"Free Your Mind" is a song by American female group En Vogue, released on September 24, 1992 as the third single from their critically acclaimed second album, Funky Divas (1992). The anti-prejudice song became a Top 10 hit on the Billboard Hot 100 and a Top 20 hit on the UK Singles Chart. Billboard named the song No. 41 on their list of "100 Greatest Girl Group Songs of All Time". The track was recorded between December 1991 and January 1992, composed and produced by Foster and McElroy. They were inspired by the Funkadelic song "Free Your Mind and Your Ass Will Follow." The guitar and bass tracks for the song were written and recorded by San Francisco-based guitarist Jinx Jones. The opening line: "Prejudice, wrote a song about it. Like to hear it? Here it go!", is adapted from a line originally used by David Alan Grier's character Calhoun Tubbs from Fox's In Living Color. An alternative version of the song with different lyrics appears on the 1992 Summer Olympics compilation album Barcelona Gold.

Commercial performance
"Free Your Mind" debuted at number 89 on the US Billboard Hot 100 the week of September 12, 1992. Within one week, it jumped to number 45, then to number 25, and continued to make impressive strides until it eventually peaked at number 8 the week of October 31, 1992. Altogether, "Free Your Mind" spent 16 weeks in the top 40 of the Billboard Hot 100. It reached the top twenty in the UK, where it was released as a double A-side single with "Giving Him Something He Can Feel".

Critical reception
Upon the release, Jennifer Bowles from Associated Press declared the song as a "plea for racial tolerance". Larry Flick from Billboard felt that it takes in "a more edgy direction" than in the past for the group. He remarked that placed "within a driving, guitar-anchored pop/rock setting, the group attacks well-crafted lyrics on racism with unrelenting passion and its trademark harmonies. Will jolt many at first, but will ultimately open many eyes." Dave Sholin from the Gavin Report commented, "Attacking prejudice head on, The Funky Divas offer advice to those who judge others by looks rather than action. Harmonies don't get any better than when these four incredible voices combine their talents." Connie Johnson from Los Angeles Times felt the song was a "pleasant surprise", "which confronts the prejudice even a funky diva faces, be it from store clerks--"I can't look without being watched!"—or those who don't understand that while they "might date another race or color, that doesn't mean I don't like my strong black brothers"." Pan-European magazine Music & Media noted that "the "Jackies" of all trades are breaking all the barriers in radio land", describing the song as "funk rock" and a "George Clinton cover as colourful as his dyed hair". 
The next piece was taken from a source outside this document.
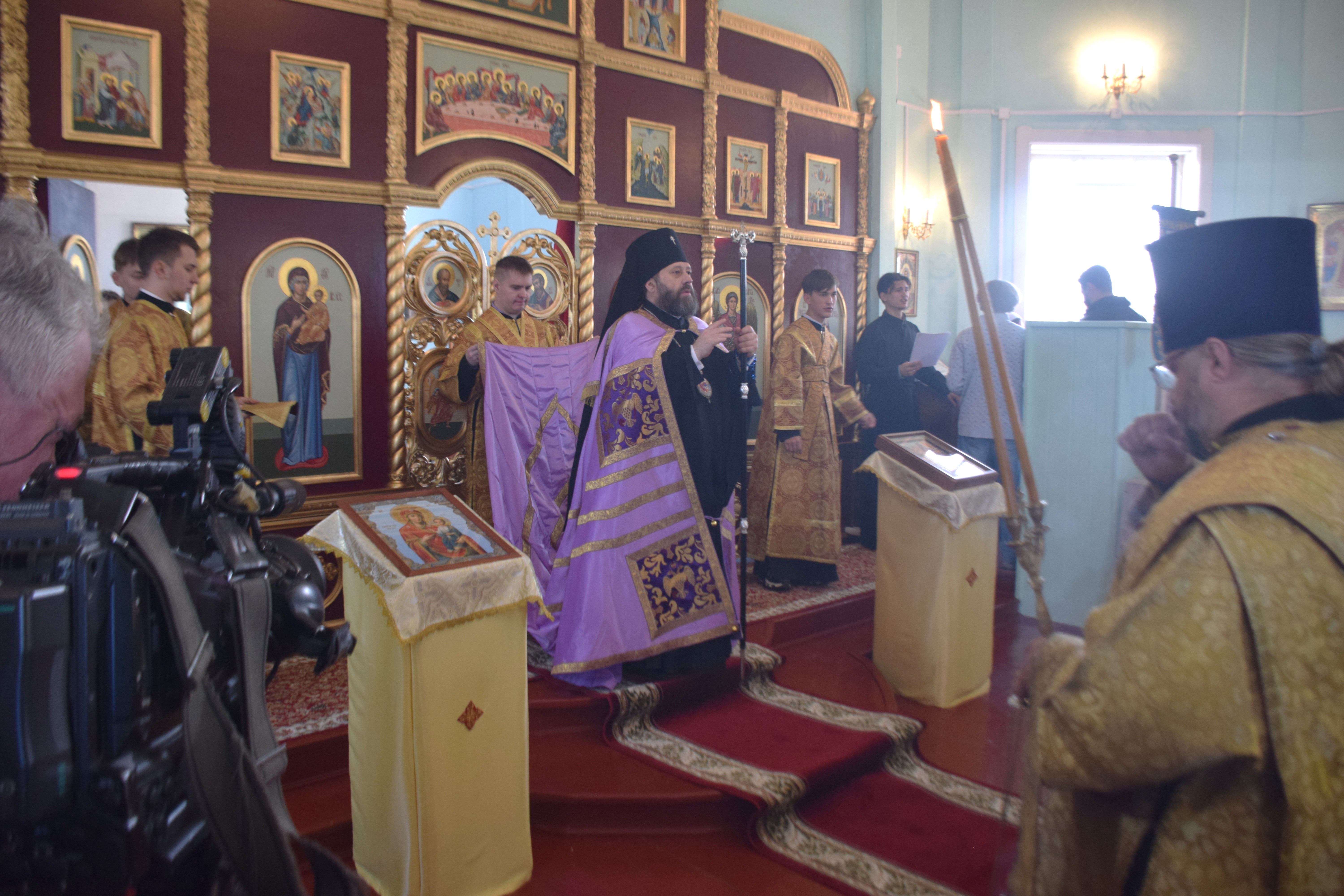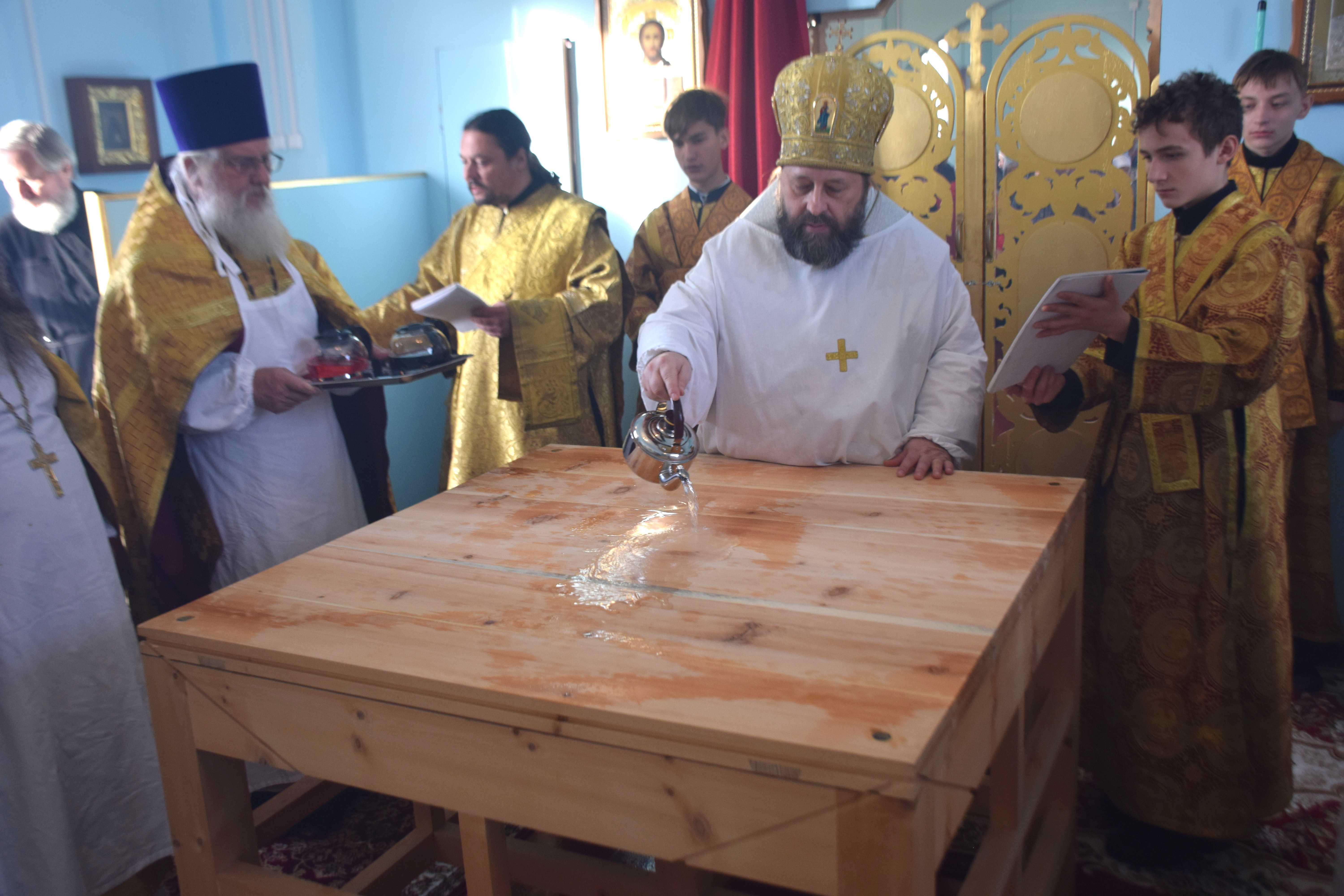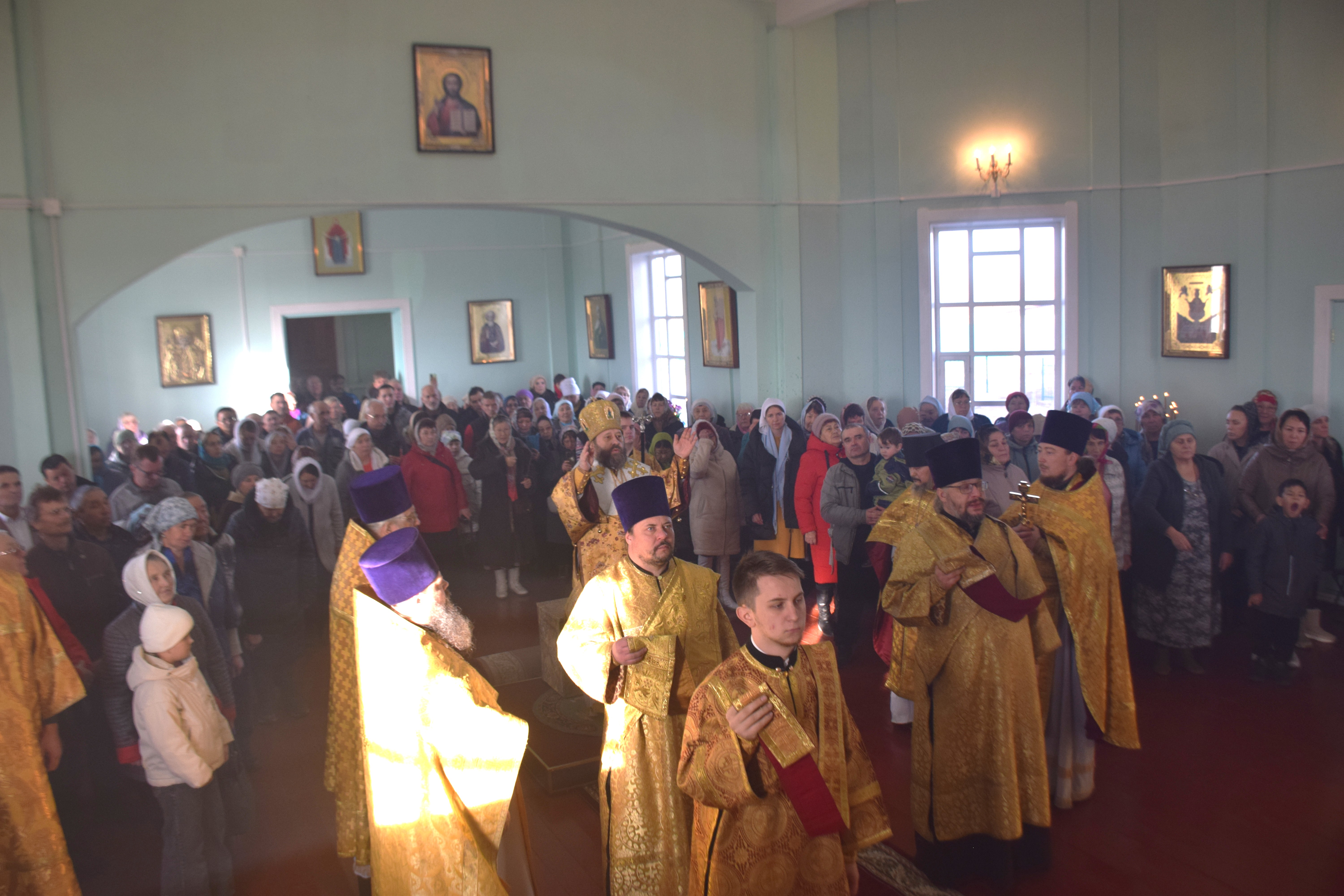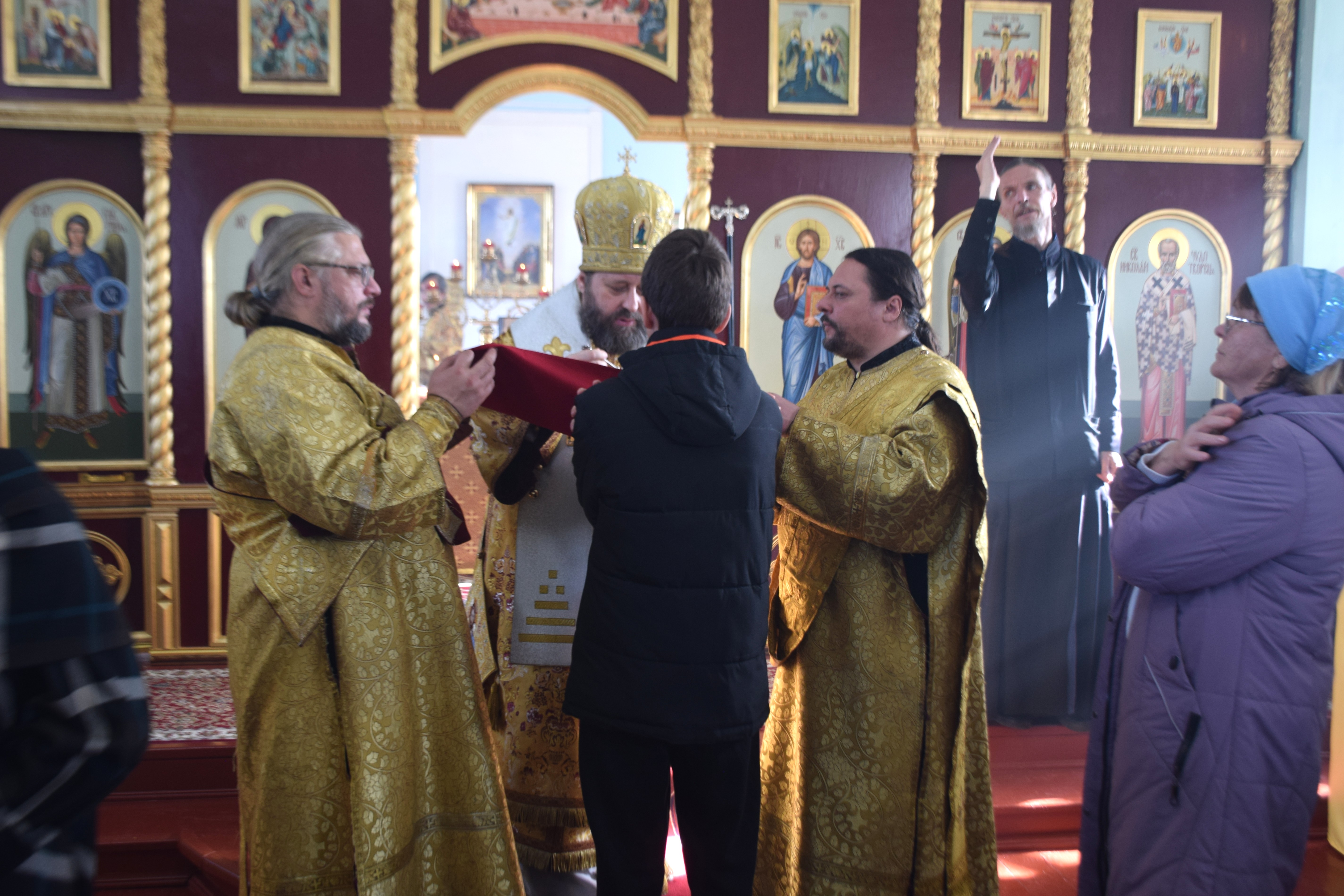 Владыке сослужили протоиереи Олег Попов, игумен Лазарь (Казанцев), протоиерей Александр Фоминых и священник Андрей Спирин. Диаконский чин составили протодиакон Андрей Ермаков, диаконы Сергий Симонов и Михаил Луцик. Богослужебные песнопения исполнила группа архиерейского хора под управлением Марии Ермаковой.

Gerald Martinez from New Sunday Times called the song "storming", and said it "combines hard rock riffng with funk while En Vogue wail away with awesome power." Parry Gettelman from Orlando Sentinel wrote, "'Free Your Mind' owes a small lyrical debt to George Clinton and a large musical debt to LaBelle - not bad places from which to borrow. There's a brief, funny spoken intro that parodies an In Living Color sketch, and the quartet slams into a denunciation of prejudice of all sorts: "I might date another race or color/ Doesn't mean I don't like my strong black brothers"." A reviewer from People Magazine viewed it as a "the Pointer Sisters-meet-Van Halen rocker". Danyel Smith from Rolling Stone described it as "guitar-ravaged" Cheo H. Coker from Stanford Daily felt that En Vogue's "foray into rock 'n' roll [is] completely unsuited for the group, reminiscent of Janet Jackson's "Black Cat". While the song has great message, black rock is better left to the black rockers."

Retrospective response
In an 2017 retrospective review, Quentin Harrison from Albumism described "Free Your Mind" as "a searing rock number that challenged racism, sexism and other social phobias head on was all at once, smart, sexy and provocative." AllMusic's review critic, Jose F. Promis, voted the single very favorable and rated the Funky Divas album its highest rating at five. He also declared the track as a "hard rock smash". Another editor, Stephen Thomas Erlewine, described it as "swaggering". In his 2009 review, Daryl Easlea for BBC remarked that the song borrows from "heavy metal". In 2007, Laura Checkoway from Vibe called it a "rock-ish anthem with a George Clinton-lifted chorus".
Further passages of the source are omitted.